El gobierno local tramita con carácter de urgencia la concesión del servicio de la nueva Escoleta del Cabanyal, para que comience el próximo curso. El concejal Juan Carlos Caballero ha explicado que “a partir del próximo año aumentamos las capacidades y las plazas públicas en València, apoyamos a las familias y apoyamos la conciliación y la igualdad de oportunidades en nuestra ciudad”.
Tal como ha explicado el portavoz del Gobierno Municipal, Juan Carlos Caballero, según está previsto, la construcción de la escoleta concluirá este mismo año, por lo que se prevé que estará ya en funcionamiento el próximo curso. Por ello, y con la intención de facilitar y agilizar la matriculación del alumnado, la Junta de Gobierno Local ha acordado impulsar el contrato de concesión del servicio, dado que se trata de una escuela infantil de titularidad municipal pero de gestión indirecta. De esta manera, se ha aprobado tramitar, con carácter de urgencia, la licitación del contrato y el pertinente estudio de viabilidad económicofinanciera, tal como prevé la normativa vigente.
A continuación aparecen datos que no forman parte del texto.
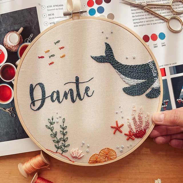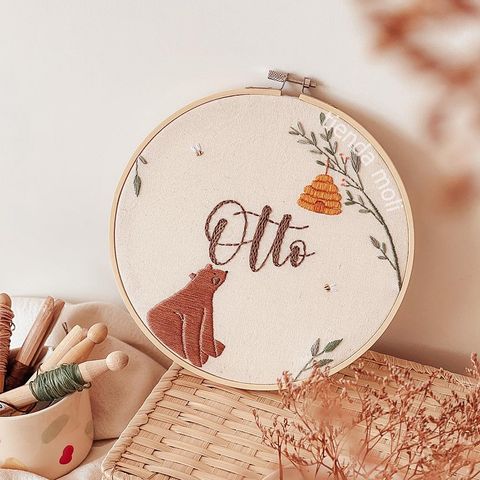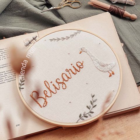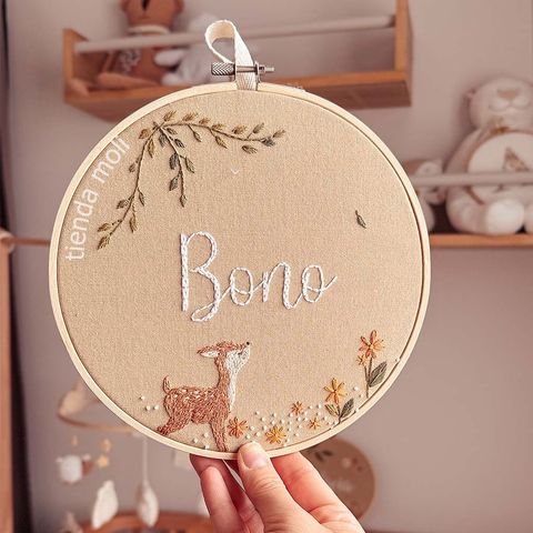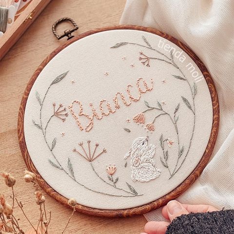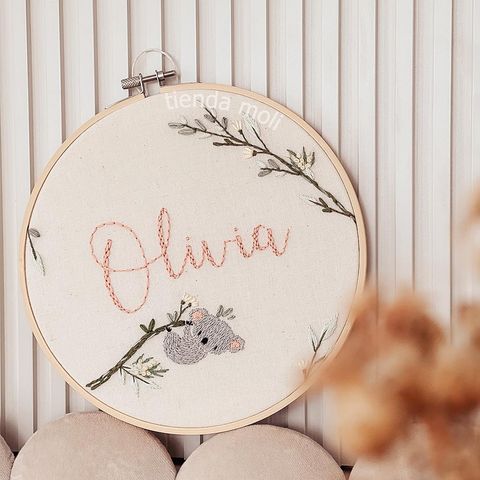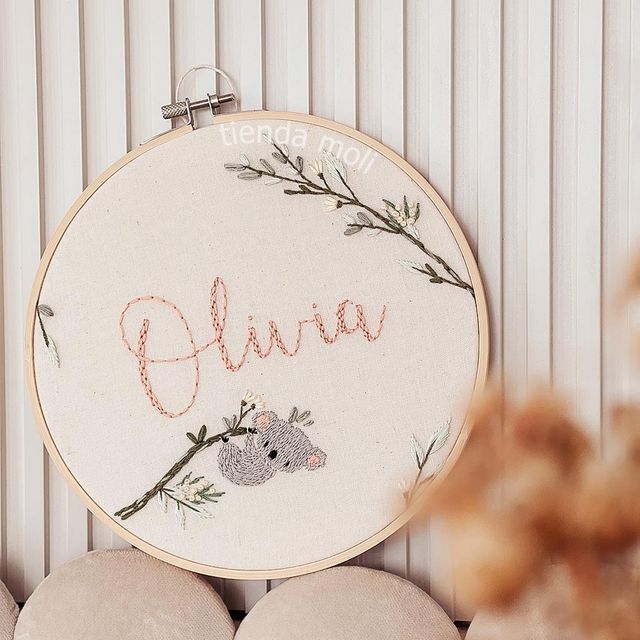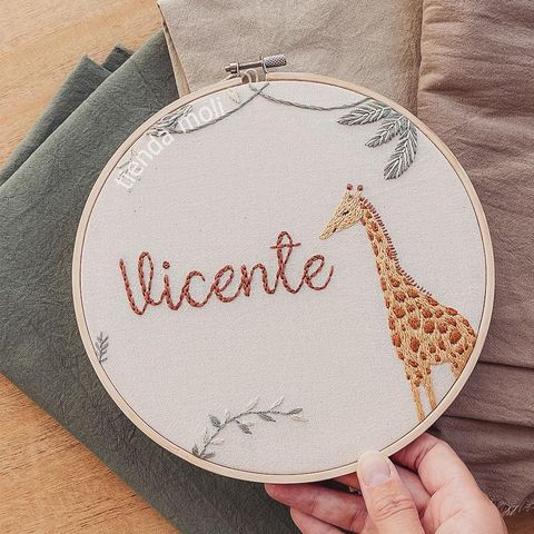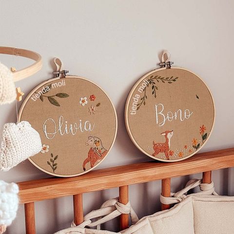 Un animalito especial para acompañar el nombre de tu bebé 💖. Nombre + animalito bordado en bastidor de 20 cm. Podés personalizarlo como vos quieras! Ver más detalles

La nueva escoleta contará con seis aulas para el alumnado de 0 a 3 años, todas ellas con salida directa a baños y a patio propio. Habrá dos aulas para niños y niñas de 0 a 1 año, con 8 plazas por aula; dos aulas de 1 a 2 años, con 13 plazas por aula; y otras dos aulas para alumnado de 2 a 3 años, con 16 y 17 plazas, respectivamente. Además, la escoleta tendrá un aula multiusos y otra de psicomotricidad; y dispondrá también de cocina, comedor y lavadero, de una sala para el profesorado y otra para padres y madres.
“Con esta escuela infantil, a partir del próximo año aumentamos las capacidades y las plazas públicas en la ciudad de València, apoyamos a las familias y apoyamos también la conciliación y la igualdad de oportunidades en nuestra ciudad”, ha subrayado el portavoz municipal, Juan Carlos Caballero.
El año pasado, el gobierno local aprobó el modificado del proyecto de construcción del nuevo centro escolar, a petición de la empresa constructora, dada la necesidad de llevar a cabo trabajos no contemplados en el proyecto inicial, así como por la aparición de elementos imprevistos en la parcela.